What is the real advantage of option 2?

If somebody has the firmware package (or reads it while it is downloading), a lot of machinery and time, he should be able to decrypt the message anyway, because it was crypted with a symmetric key. The only advantage I see is that once he has decrypted firmware package version 1, if the symmetric key changes in a newly released firmware package version 2 some months later, all the job must be repeated. So what I think is that option 2 is really useful only if sent messages are frequent, so decrypting one message won't help for the subsequent ones.

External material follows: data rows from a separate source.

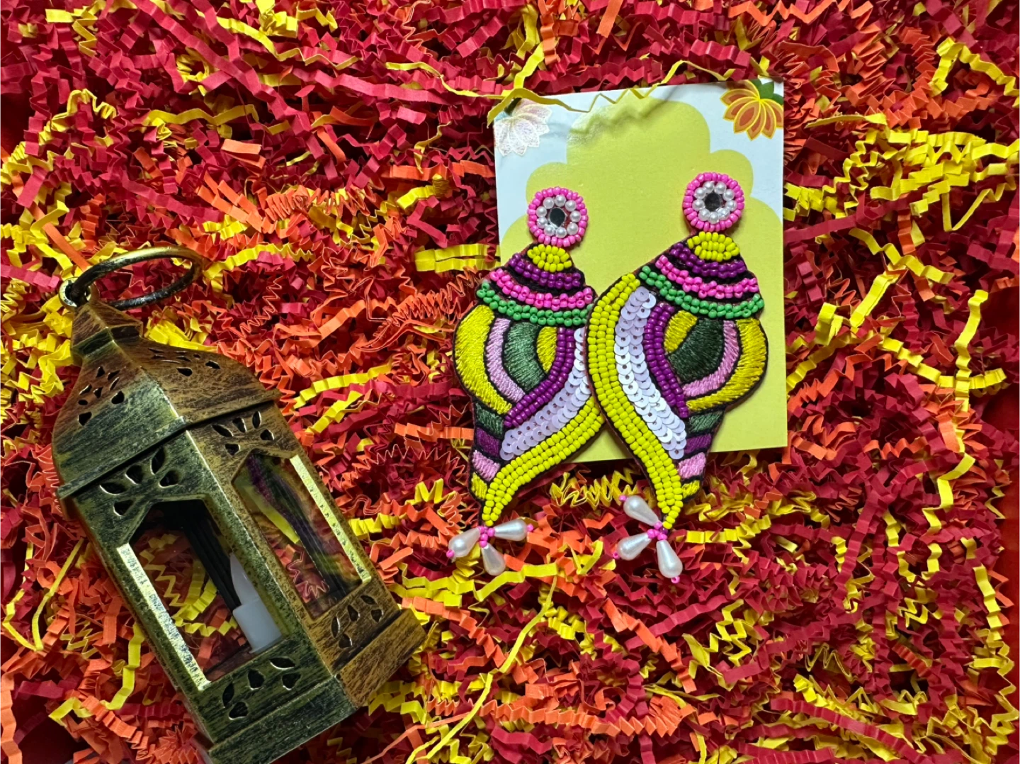 These are some fun, colourful handmade beaded earrings! They're perfect for adding a pop of colour to any outfit. The earrings feature intricate beadwork in shades of yellow, green, pink, and purple, with delicate pearl accents. They're lightweight and comfortable to wear, making them ideal for all day events wear !
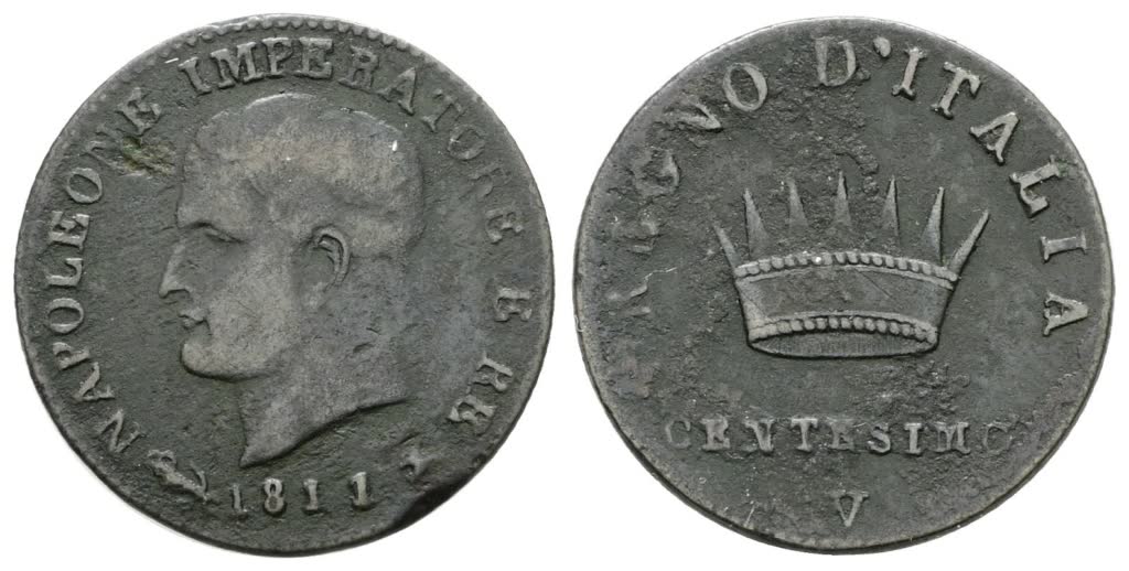 VENEZIA. Regno d'Italia. Napoleone I (1805-1814). 1 centesimo 1811. Cu; 2,1gr; Gig. 244; Raro; MB
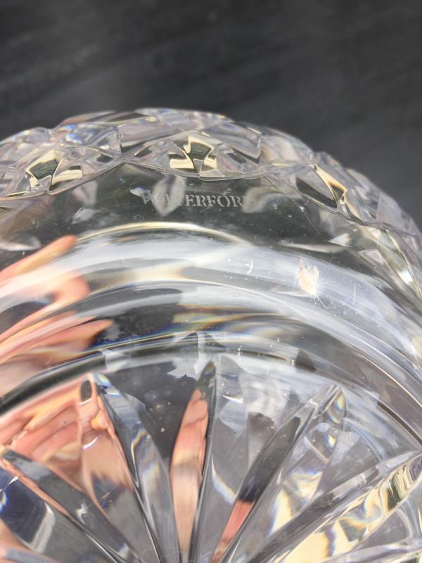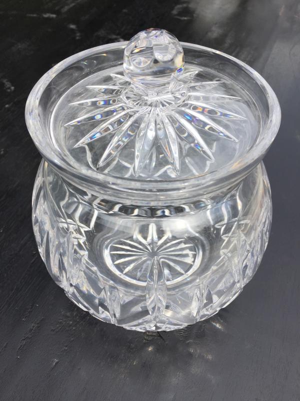 7.5" tall, 6" wide. Very pretty crystal jar with lid.

Am I right? Are there other advantages?

  • $\begingroup$ To get a good answer to your problem, you should provide all the specs, needs, and risks. For example, is there a TPM on your platform or similar to this? Why do you fear from user to download a malicious firmware? Do you fear that there is an attack on your servers? Do you fear the man in the middle attack? Did you consider the digital signature with a Trusted Authority chain? $\endgroup$
    – kelalaka
    Commented Feb 7, 2020 at 9:28
  • $\begingroup$ Assuming that you don't want to encrypt for each private key separately (what would be the benefit of that, if you only encrypt the firmware with it?) you'd have to distribute that same private key to each device. Is that still a private key? All parties would know the key after all... That private key might as well be called a secret key. $\endgroup$
    – Maarten Bodewes
    Commented Feb 7, 2020 at 9:33
  • $\begingroup$ @kelalaka No TPM. Device can be updated over Ethernet so theoretically from a remote hacker not blocked by the firewall at the customer's place, theoretically wanting to use our device as a trojan horse, so this includes man in the middle; I don't plan to used digital signature with Trusted Authority, I think a public-private key would be enough to authenticate the firmware. $\endgroup$ Commented Feb 7, 2020 at 9:59
  • $\begingroup$ @MaartenBodewes if I understand correctly what you are asking (I have little experience with cryptography and these concepts are a little hard for me), the private key on the device side regarding point 2 is saved in the "bootloader" firmware which is programmed only at the factory and cannot be read by anyone even having physical access to the device. $\endgroup$ Commented Feb 7, 2020 at 10:05
  • $\begingroup$ @kelalaka to complete, we want to protect also against reverse engineering of our firmware. $\endgroup$ Commented Feb 7, 2020 at 10:09

2 Answers 2


What is the real advantage of option 2 (asymmetric encryption of firmware)?

As correctly pointed by the question, not much. All I can think of:

  • It allows to change the symmetric key at each firmware release (actually, the firmware will be encrypted with a random symmetric key, sent asymmetrically encrypted in a header). This advantage is mitigated by the fact that the asymmetric private decryption key can hardly be changed at each release, and must be secret.
  • The developer/party encrypting the code needs no secret for that. This advantage is mitigated by the fact that the developer/party signing the code needs a private key, which must be secret.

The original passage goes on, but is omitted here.